### Exercise brief
In the entries below, begin at the line with "Sombrero de paja" and stop after the line with "Sgabello Masters con"; output those lines exactly and omit the pictures.

### Input data
▼▼▼
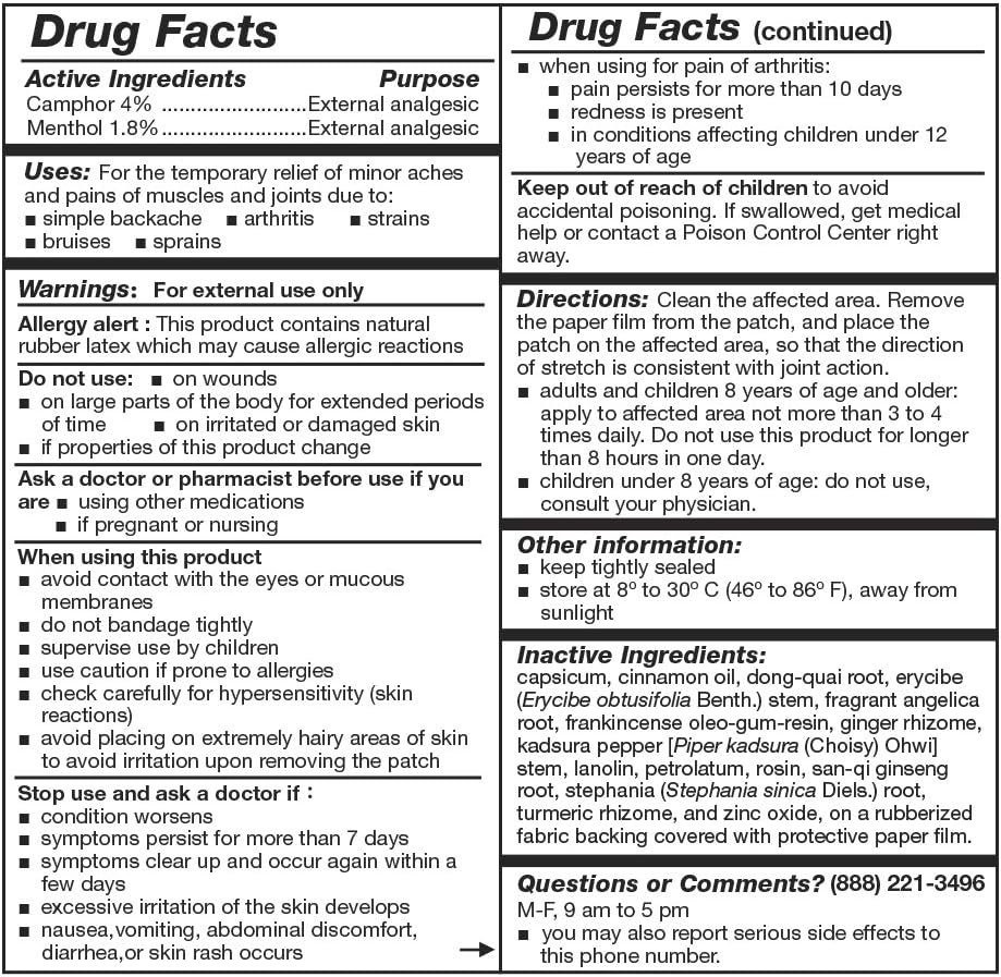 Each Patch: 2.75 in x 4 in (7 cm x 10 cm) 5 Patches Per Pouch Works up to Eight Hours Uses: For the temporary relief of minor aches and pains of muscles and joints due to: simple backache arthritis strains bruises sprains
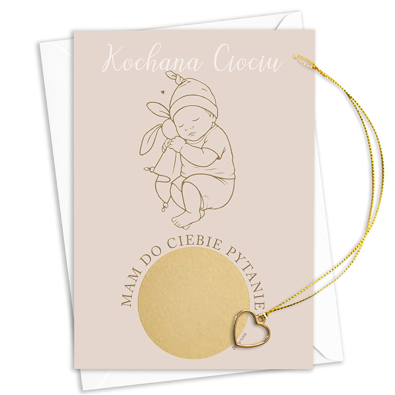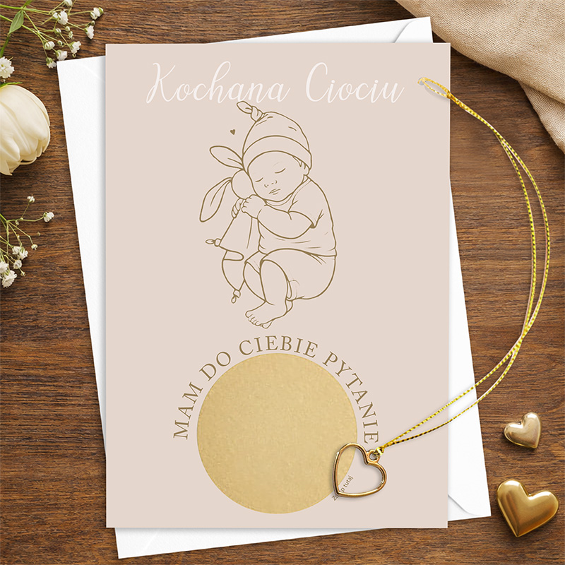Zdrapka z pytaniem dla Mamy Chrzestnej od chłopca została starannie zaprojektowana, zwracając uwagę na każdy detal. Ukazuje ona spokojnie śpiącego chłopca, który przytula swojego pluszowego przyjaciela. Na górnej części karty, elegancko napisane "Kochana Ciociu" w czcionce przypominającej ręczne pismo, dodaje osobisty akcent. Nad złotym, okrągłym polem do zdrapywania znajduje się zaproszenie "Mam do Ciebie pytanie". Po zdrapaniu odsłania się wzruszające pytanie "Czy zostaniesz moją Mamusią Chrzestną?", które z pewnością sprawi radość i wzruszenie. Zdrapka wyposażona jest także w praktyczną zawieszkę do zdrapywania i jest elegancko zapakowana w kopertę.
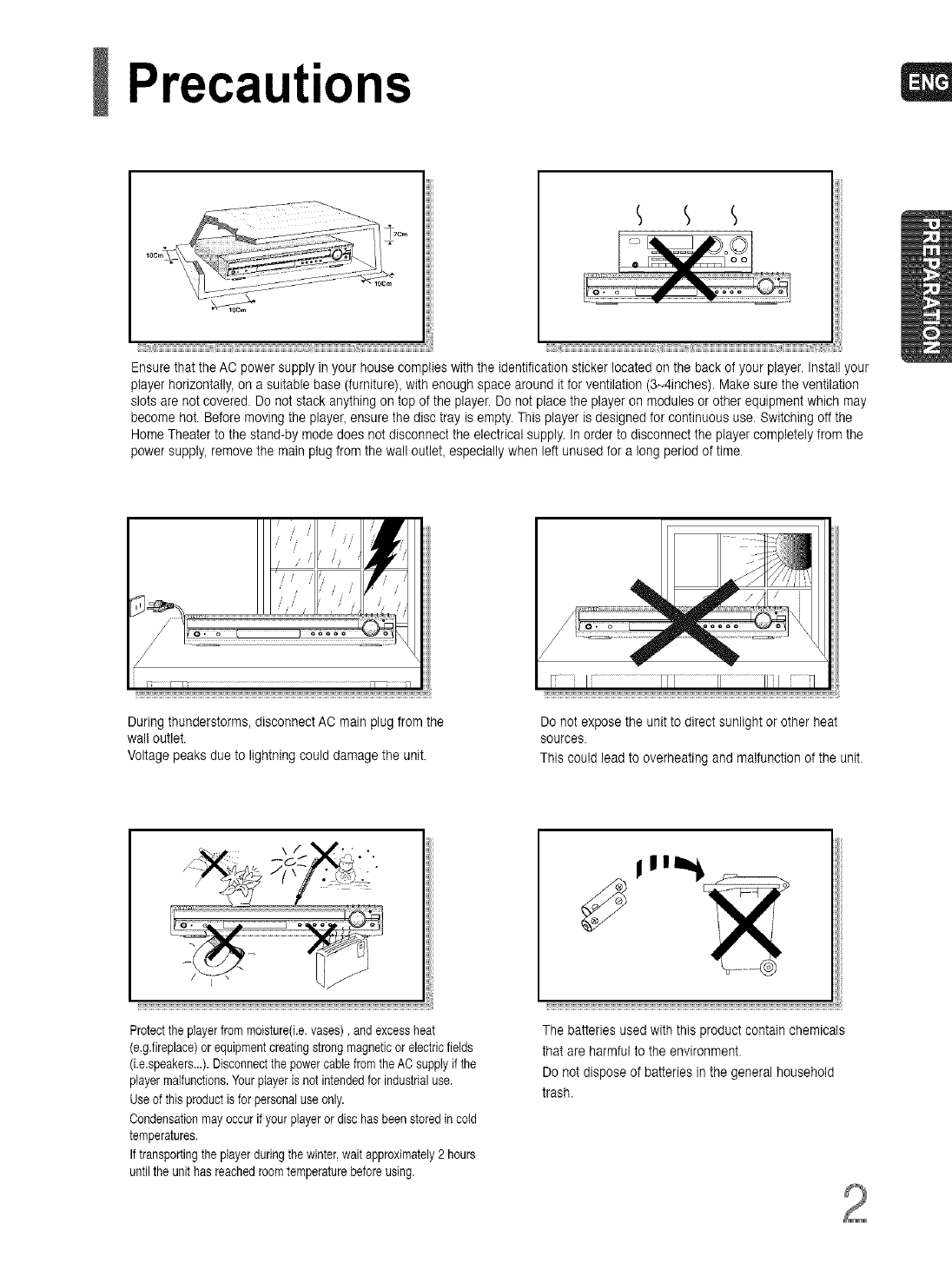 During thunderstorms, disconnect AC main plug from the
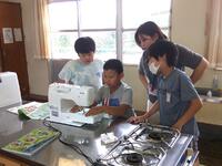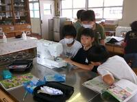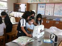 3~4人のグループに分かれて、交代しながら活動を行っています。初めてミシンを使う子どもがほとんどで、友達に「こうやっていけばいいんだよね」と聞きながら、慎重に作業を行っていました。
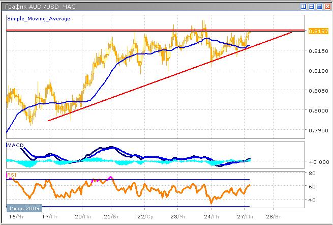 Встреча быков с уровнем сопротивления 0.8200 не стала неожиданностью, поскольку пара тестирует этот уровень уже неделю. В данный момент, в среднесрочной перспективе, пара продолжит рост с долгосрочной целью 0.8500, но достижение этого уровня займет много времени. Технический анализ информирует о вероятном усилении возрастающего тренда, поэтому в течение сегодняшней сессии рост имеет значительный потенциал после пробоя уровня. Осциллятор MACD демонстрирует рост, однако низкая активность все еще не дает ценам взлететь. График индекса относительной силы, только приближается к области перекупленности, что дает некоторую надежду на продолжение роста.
▲▲▲
▼▼▼
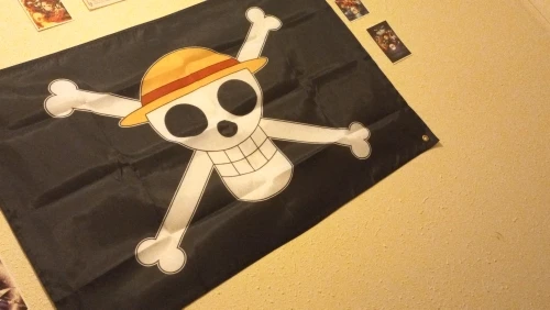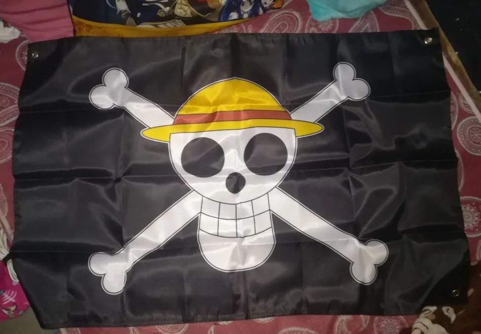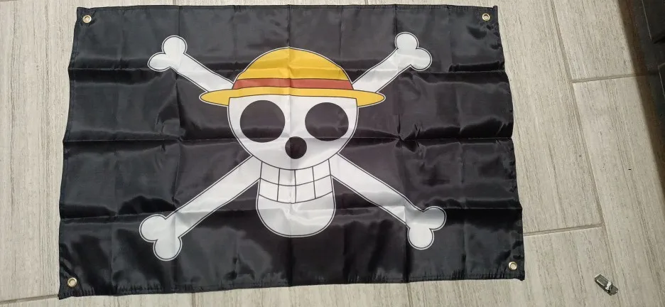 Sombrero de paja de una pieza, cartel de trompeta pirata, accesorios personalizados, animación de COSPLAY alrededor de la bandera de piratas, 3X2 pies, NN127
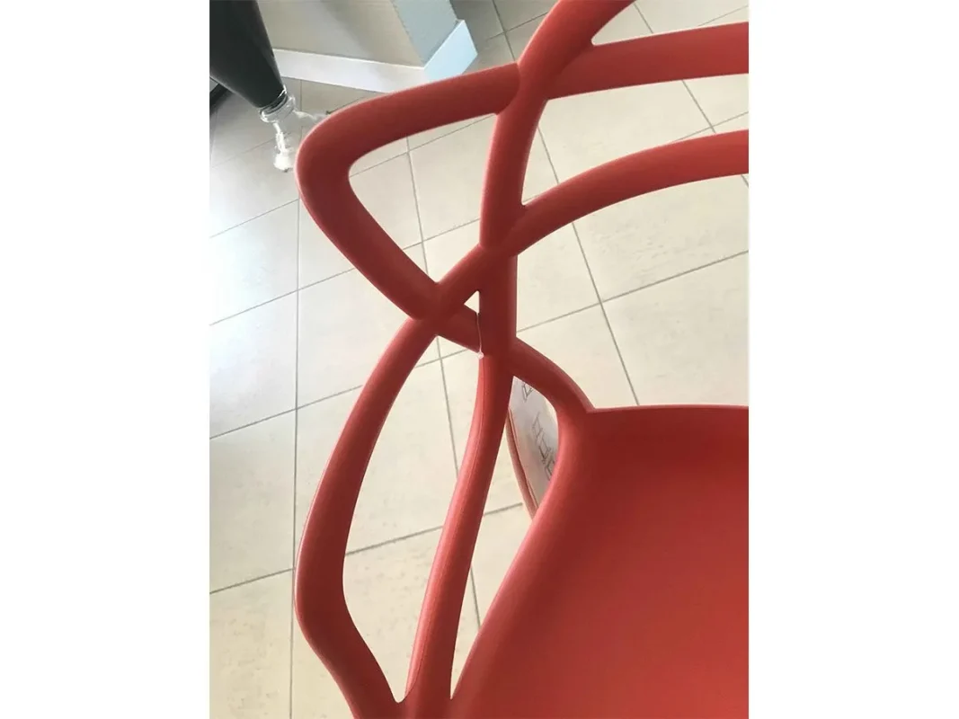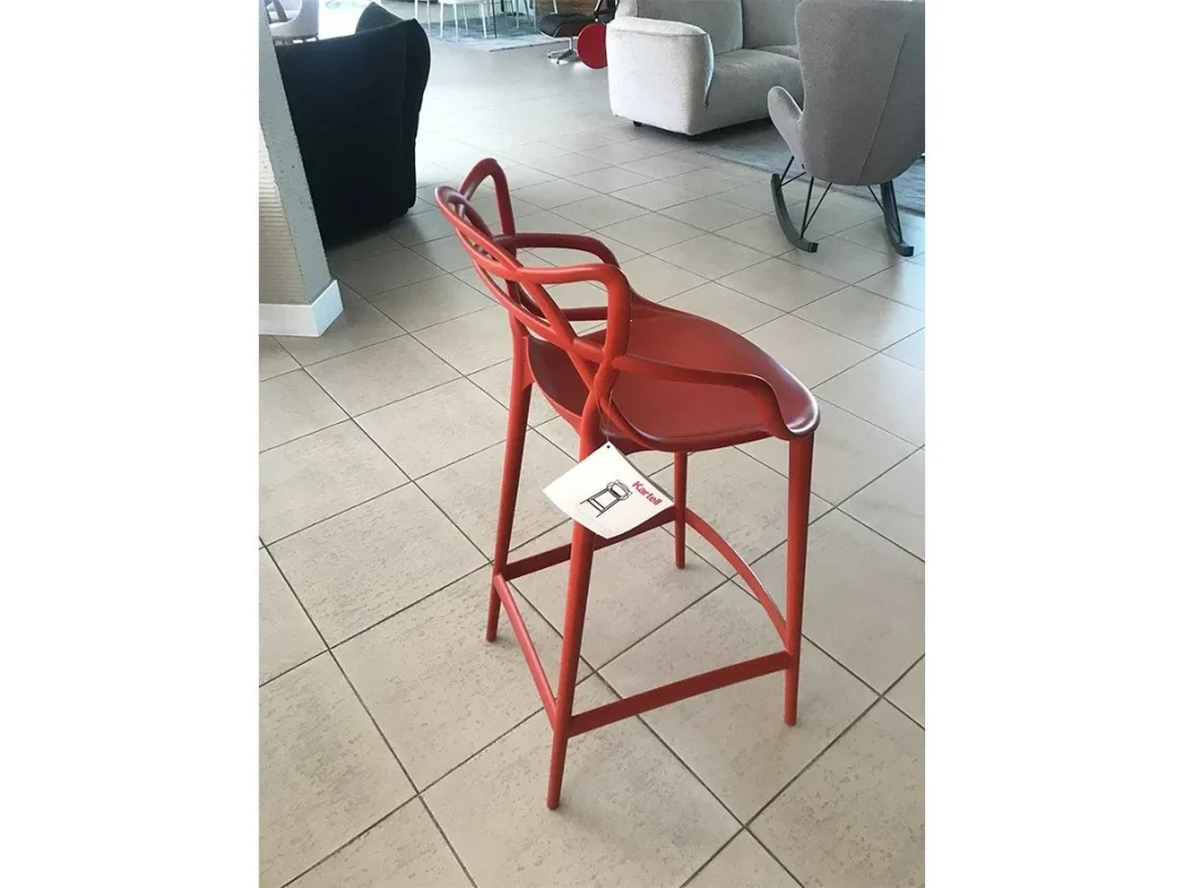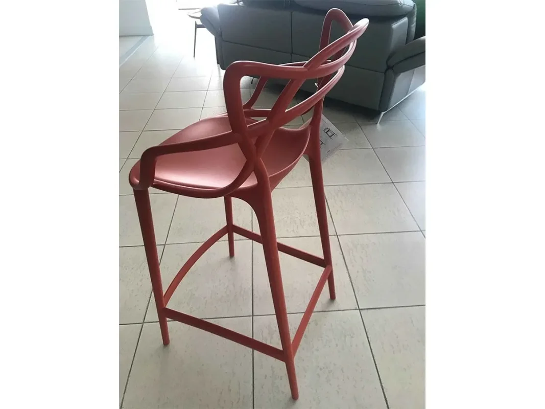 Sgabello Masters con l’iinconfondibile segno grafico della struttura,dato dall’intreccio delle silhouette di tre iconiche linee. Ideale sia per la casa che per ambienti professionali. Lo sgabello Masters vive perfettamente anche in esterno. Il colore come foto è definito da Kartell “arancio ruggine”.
▲▲▲
### Answer to this exercise
 Sombrero de paja de una pieza, cartel de trompeta pirata, accesorios personalizados, animación de COSPLAY alrededor de la bandera de piratas, 3X2 pies, NN127
 Sgabello Masters con l’iinconfondibile segno grafico della struttura,dato dall’intreccio delle silhouette di tre iconiche linee. Ideale sia per la casa che per ambienti professionali. Lo sgabello Masters vive perfettamente anche in esterno. Il colore come foto è definito da Kartell “arancio ruggine”.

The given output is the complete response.